Rip has asked me to expand upon the subject of the X-Factor and it is my pleasure to do so with the goal of providing dedicated lifters an insight into an important key to manifesting their dream of becoming a champion.

The X-Factor refers to a group situation and, of course, a group is made up of individuals; individuals that bring their own brand of the X-Factor to add to the total energy of the group. What makes the group so important is synergism – cooperative action where the total effect is greater than the sum of the effects taken independently. Since the energy of individuals determines the energy of the group, I will address the X-Factor on the individual level first.

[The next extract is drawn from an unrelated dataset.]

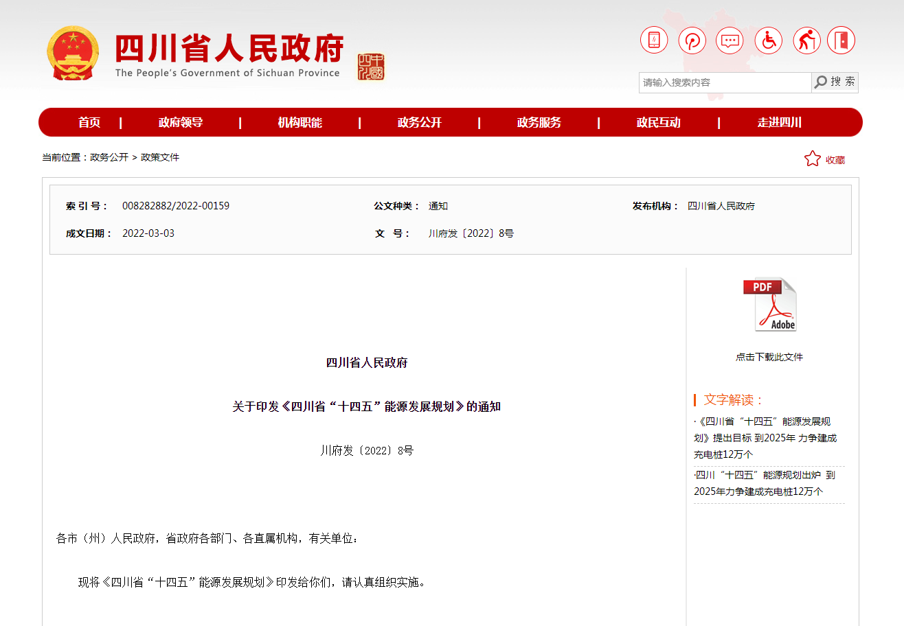 據了解,四川省可再生能源資源稟賦得天獨厚,分布集中、特色鮮明。水能、風能、太陽能、生物質能、地熱能等資源品種齊全,開發價值較高。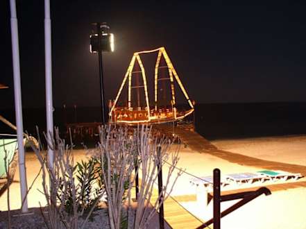 Schiff am Hotelstrand

Three in one: The X-Factor consists of three primary aspects 1) enthusiasm, 2) aspiration, and 3) will. Although each aspect is independent in action, synergism suggests that each, in the final analysis, is amplified by the others. I will point out how each aspect stimulates the other two and is stimulated by them.


Enthusiasm is: 1) a strong excitement of feeling or 2) something inspiring zeal or fervor. After I entered my first contest I was bitten by the barbell bug; excitement, zeal and fervor to be a world class lifter entered my life in spades. All I could think about was lifting. I would sit in class and make up the best ever routine that would propel me in a single bounce, like Superman, to world titles and records. Falling asleep at night was difficult because of the tremendous weights I was visualizing myself lifting while winning the Olympics.

However, enthusiasm is often fleeting. It is a product of the ego’s desire to achieve, to be better than others. Enthusiasm – excitement – is the ego’s way of getting what it wants. The complicated action of the ego is best left to psychologists. The fact that you are enthusiastic about your training is all that counts. You can worry about your motives later. Right now just enjoy the strength and development enthusiasm makes possible. Just know that enthusiasm starts your journey to the top. Without it you will not even start, much less progress, towards being a champion.

It is evident that you must have enthusiasm to embark upon the demanding road that leads to the top. You no doubt are enthusiastic about reaching a higher level of physical accomplishment or you wouldn’t be reading a useless (to non-enthusiasts) article like this one. We know that enthusiasm is transient since it readily comes and goes like the wind. So how do you keep your enthusiasm at a level that will get you into the gym and push you to lift heavy weights and fulfill your dream of setting records and winning titles? If you don’t know what I am talking about, you probably haven’t experienced “fatal enthusiasm” – a level where nothing matters but getting bigger and stronger.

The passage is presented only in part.